Guidance for applicants; review of applications — Commenters stated that FDA should
- put more emphasis and agency resources into approving the existing queue of biosimilar applications
- accelerate hiring of staff using carryover user fee funds, to handle the rapid growth in meetings about and applications for biosimilar biologics
- Commit sufficient resources to rapidly finalize FDA guidance (for instance on labeling, interchangeability, nonproprietary names, and transition products) and to support prompt review and approval
- identify any FDA review practices that would foster faster approval of second and third (or more) biosimilars for an innovative biologic, including waiving fees, instituting priority or expedited review, and giving public notice when there are only one or two approved biosimilars for the same indication on the market
Standards for licensure — Commenters stated that FDA should
- carefully reject innovative industry initiatives to mandate reliance on historical scientific methods, and instead adopt a flexible approach that allows biosimilar companies to introduce innovative science to prove biosimilarity.
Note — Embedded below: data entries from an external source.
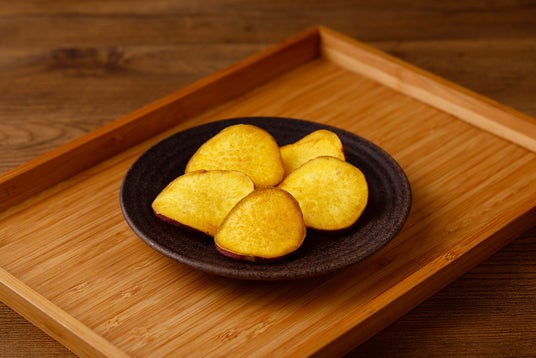 国産さつまいものオリジナルブランド「紅天使」を厚めにスライスし、じっくり丁寧にフライしました。素材のおいしさそのまま、味つけなしで仕上げました。スライスすることで「紅天使」の持つ色合いと、素材そのものの濃厚な甘みとザクッとした食感が楽しめます。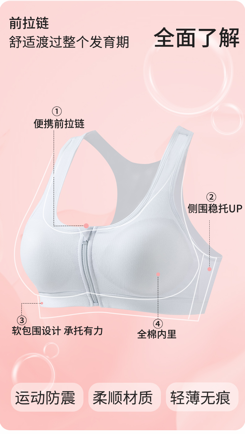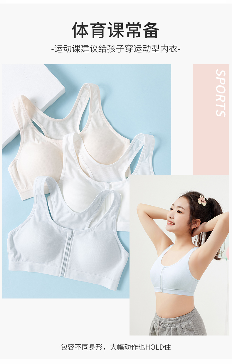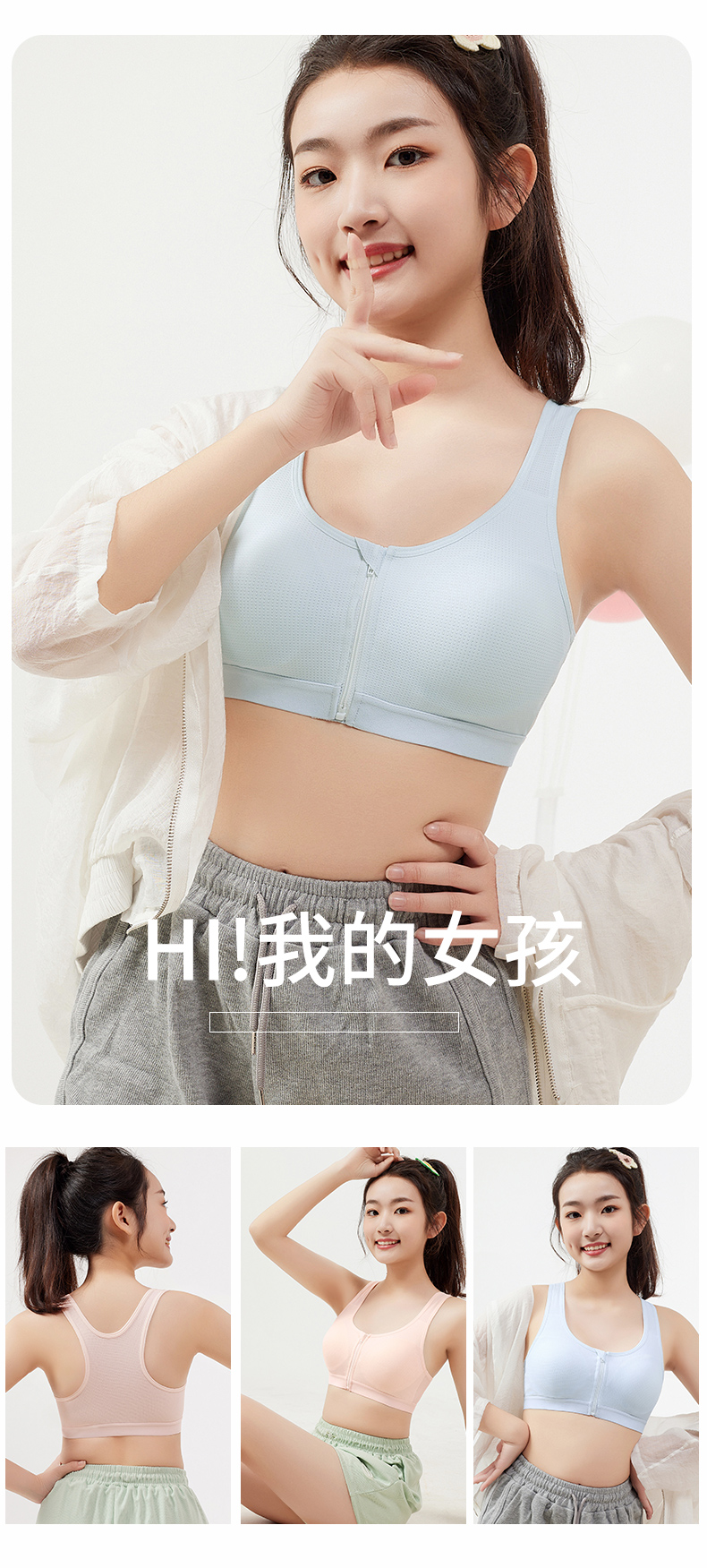 少女内衣初中生青春发育期前扣拉链高中生文胸女童运动防震小背心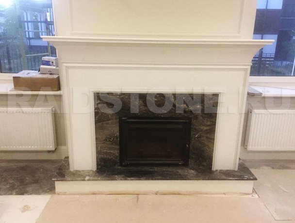 Для центральной части и низа портала выбран итальянский мрамор Гриджио Орбико. Его пастельная цветовая гамма состоит из разных оттенков серого и бежевого. Такое сочетание смотрится элегантно.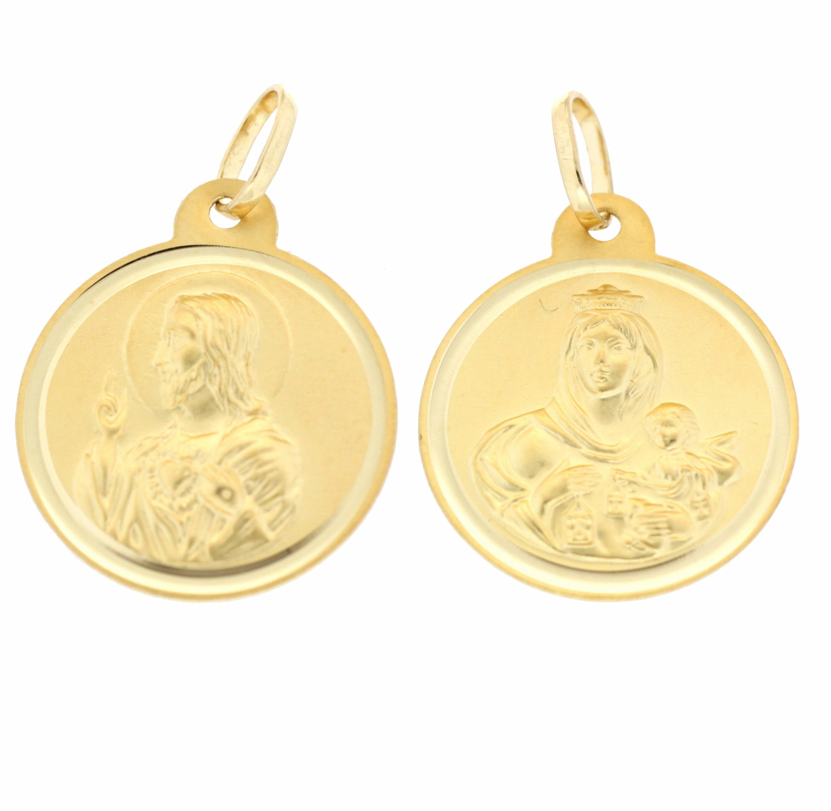 Preciosa Medalla escapulario con bisel Oro 18K [21-5003-120], fabricada en su totalidad por maestros artesanos en Oro de 18 quilates.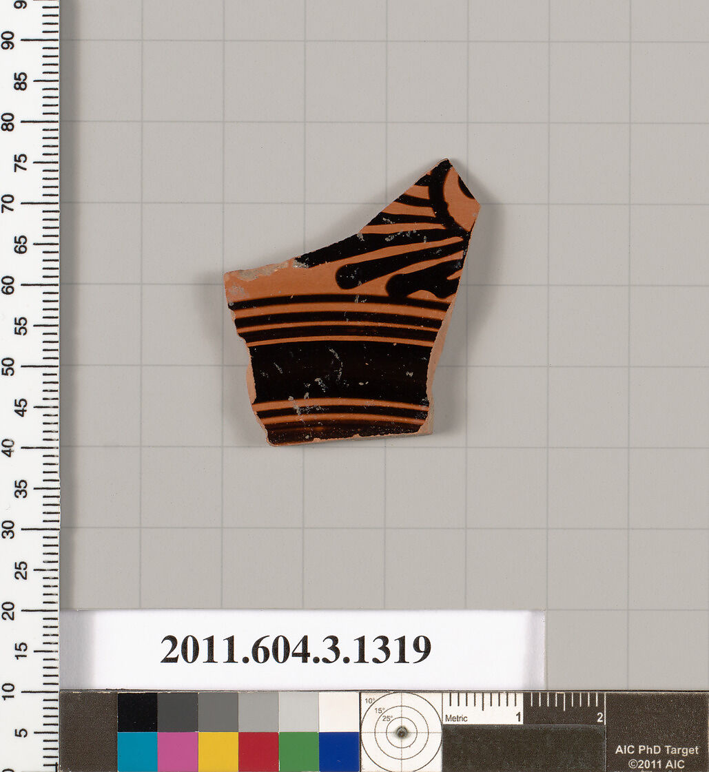 Part of a palmette; four thin lines of black glaze interrupted by bands of reserve; wide band of black glaze; thin black glazed line framed by a band of reserve on the top and bottom; black glaze

Naming — Commenters stated that FDA should
- change its approach to nonproprietary names; that is, ensure that a reference product and all follow-on products share the same nonproprietary name
- eliminate the four-digit suffix for biosimilar names
- instead, implement the new proper name policy for all biologics, so that all biologics (including innovative biologics) have four letter suffixes
Interchangeability — Commenters stated that FDA should
- quickly establish an interchangeable biologics standard and prioritize approval of interchangeable biologics
- use the phrase “therapeutic equivalence” for biologics found interchangeable, because the statute under which CMS acts uses the phrase.
- adopt a policy that statute substitution laws must not conflict with the substitution of biologics deemed interchangeable under the BPCIA (i.e., adopt a formal policy that biosimilar companies can cite when asserting preemption claims)
- ensure that substitutable biosimilars have identical nonproprietary names to their corresponding reference products.
Transparency — Commenters stated that FDA should
- require innovators to promptly disclose upon initial approval all patents covering the approved biologic that a biosimilar company might infringe or violate in developing a biosimilar
- improve the Purple Book so that it is easier to access and search, and also increase the amount of information provided.
MORE TO FOLLOW . . .
** Disclosure: I filed comments of my own (a copy of my testimony in the U.S. House in July 2017). I had testified on my own behalf, and I filed the comments on my own behalf. Nevertheless, readers probably should know that I filed comments.